It was a disturbingly normal spurt of mass gun violence in the United States.
Over the past seven days, America witnessed seven mass shootings that left two dead and 26 injured. These attacks bring the US mass shooting toll thus far in 2016 to 68 incidents with 74 deaths and 255 injuries. Europe, meanwhile, endured zero mass shootings over the past seven days, leaving their toll steady at just 13 incidents with 11 deaths and 52 injuries.
These figures are, sadly for America and mercifully for Europe, essentially a return to the norm, ending a particularly calm month in the US and nasty streak for the continent. But rather than a gradual rise to normal violence from a period of tranquility, this past week saw a sudden spike in American mass shooting violence. After two of the quietest weeks this year, the past seven days saw the first mass shooting deaths since the end of March, and the most injuries since the middle of that month. What's more, all but one of the incidents came between Friday and Sunday —a jarring return to the phenomenon of weekend violence clustering. Yet none of America's seven recent mass shootings, whether as individual events or a collective, swift increase in brutalism, attracted much media attention, likely due to their ho-hum nature in a nation disturbingly inured to such violence.
America's first mass shooting of the past seven days came around 2:20 AM last Saturday, when a house party in Albuquerque, New Mexico, descended into gunfire, leaving four wounded. That evening around 7 PM, an altercation between a group of men and a man in a car in Memphis, Tennessee, ended with the latter opening fire, wounding another four. Two hours later, in Anniston, Alabama, a dispute at a motorcycle club roll call led to another four gunshot injuries. Then, not even four hours later, just before 1 AM on Sunday, a street shooting in Greensboro, North Carolina, injured four more people. At 9:45 AM, another four people suffered gunshot wounds when a group of men opened fire on people setting up for a barbecue in a Los Angeles, California, yard. Capping off the weekend's bloodshed, at 6:45 PM that night, a conflict near an apartment complex in Milwaukee, Wisconsin, left one dead and three injured. Finally, on Thursday, a shooting on a residential street in Orange, New Jersey, left one dead and three wounded.

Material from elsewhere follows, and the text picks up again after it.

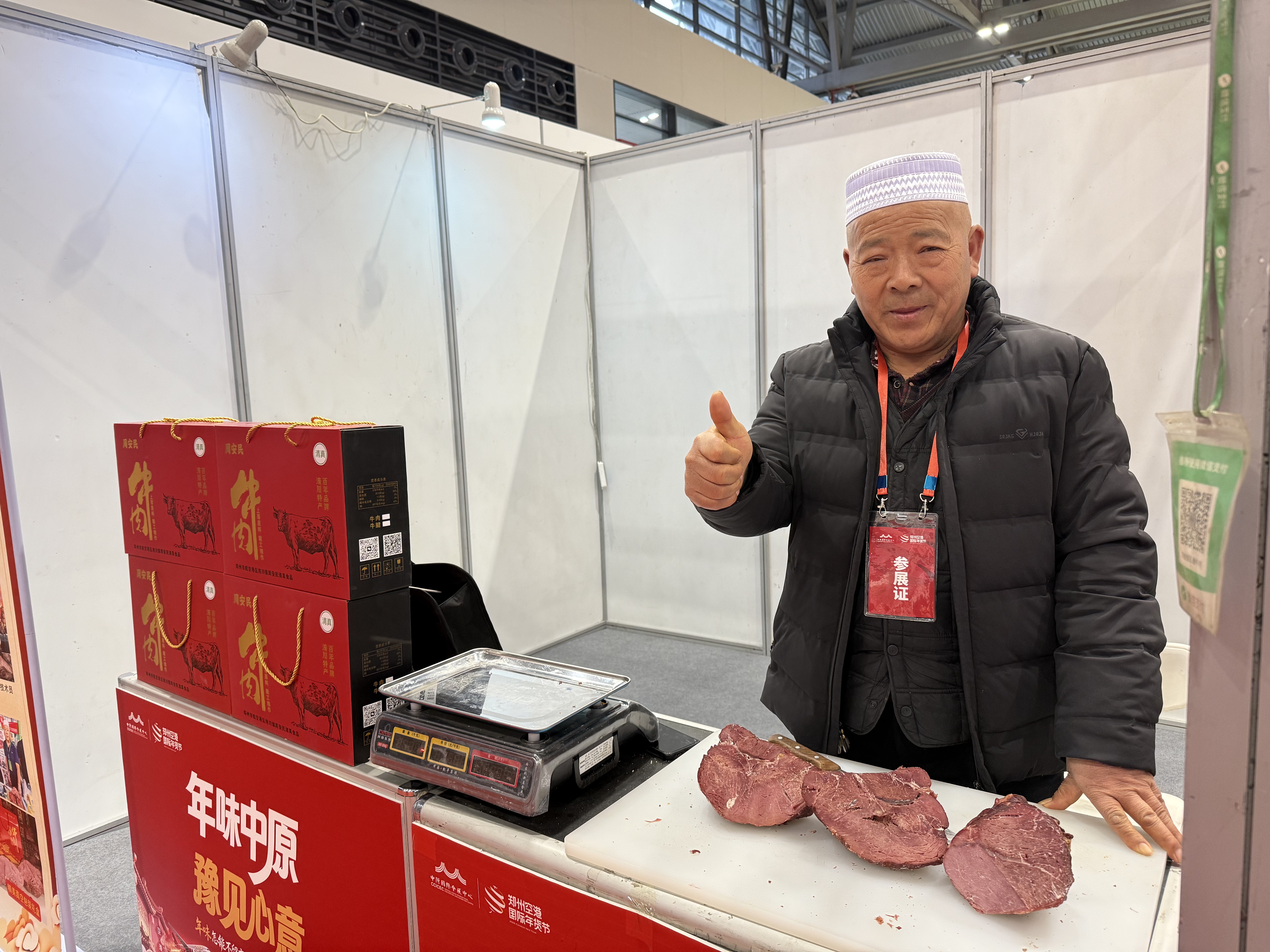 “我们带来的周安民五香牛肉质嫩筋道、色佳味鲜,被评为航空港区非物质文化遗产。”周安民自豪地说,“这几天备的货不到收摊就能卖得七七八八,微信上都是回头客的点赞!好几位客人临走还特地留了联系方式,说这味道记住了,以后要常来。”

Although each of these attacks was a discrete and noteworthy horror, they likely read as nondescript to many. After all, these events don't hold a candle to the carnage or the striking narratives that come with shootings like those in Hesston, Kansas, or Kalamazoo, Michigan, in late February—incidents that set a high bar for the kinds of mass shootings that garner national awareness and empathy. It's a disheartening national calculus, to say the least.
And it's a perfectly logical response given our limited bandwidth as human beings for processing tragedies. But it's also an incredible mistake to let some events fly under the radar because they lack a significant death toll or unique plot. For starters, even a gunshot wound can be functionally or physically debilitating, meaning that attacks with only injuries are not inherently less devastating than others. More importantly though, letting a week like this pass with little coverage just helps to normalize this sort of violence.

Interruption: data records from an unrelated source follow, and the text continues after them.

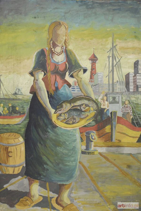 tempera, karton, 50 x 34,7 cm, sygn. p.d.: Wróbel. Na odwrocie autorska naklejka z tekstem pismem maszynowym: "Rybiarka" / Wróbel Paweł / Szopienice / ul. Obrońców Pokoju 33.
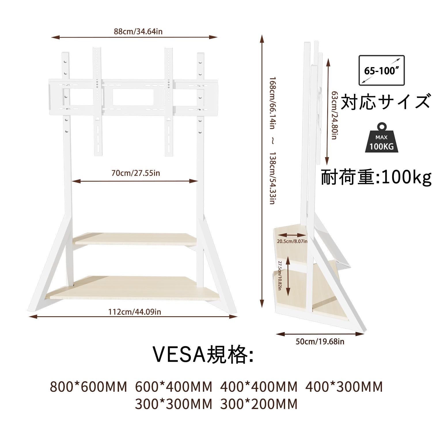 【100インチのテレビまでに対応できる】VESA規格(テレビ背面のネジ穴間の距離)は200x200mmから800x600mmまで対応可能で、重量約100kg以下、65~100インチまでのテレビやモニターが取り付けられます
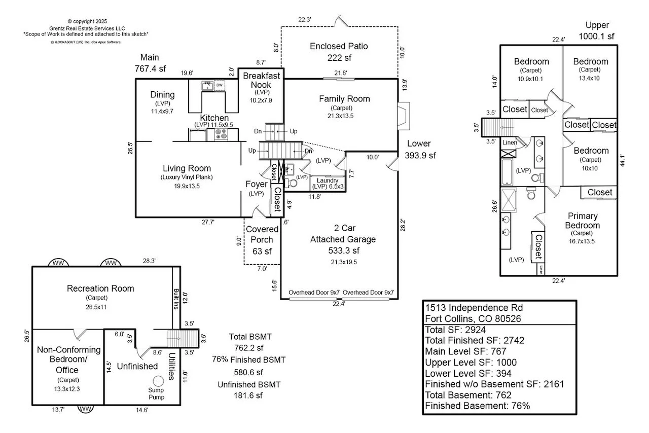 Basement Full Basement, 75%+Finished Basement, Sump Pump
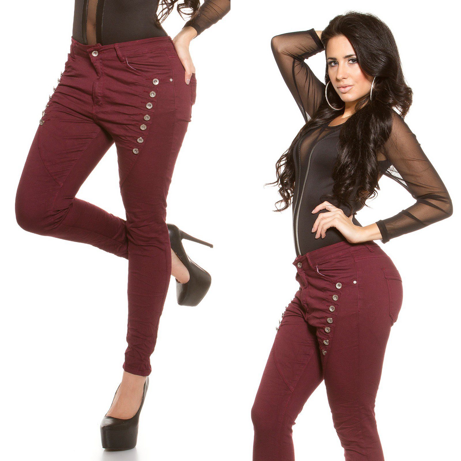 Jean girly et sexy filles rondes AMBRE couleur bordeaux
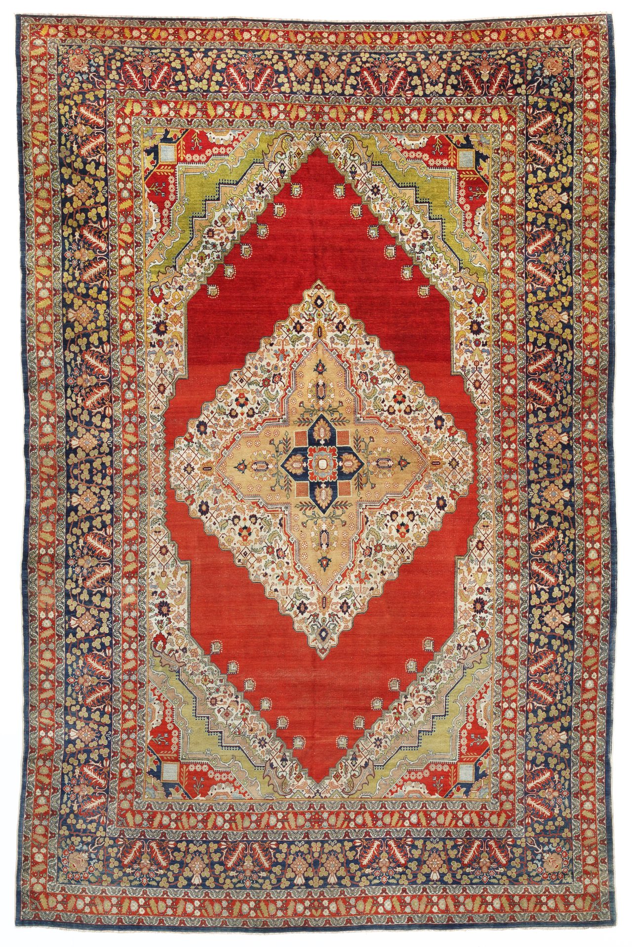 A very fine large antique Sivas carpet woven in central Anatolia, dating from the late 19th century, it has wonderful dye change throughout the carpet where different dyes have been used and faded over the last 100 plus years. With a cotton foundation it allows for a finer weave compared to other Turkish carpets such as Oushak. The design is classical and Persian in influence, with an exquisite and intricate medallion and corner motifs. A swirling border design of subtle plants and flowers. Condition is very good, with the carpet having a fine wool pile all over, a couple of tiny lower areas of pile but nothing significant.

Six mass shootings in one weekend are essentially accepted as a fact of American life today—which they cannot be. If we as a culture truly want to tackle this mass shooting epidemic, we cannot let weeks like this go by without batting an eye. We have to try to find the energy to confront all our mass shootings, and react against the horror they inspire, rather than write off all but the worst as inconsequential.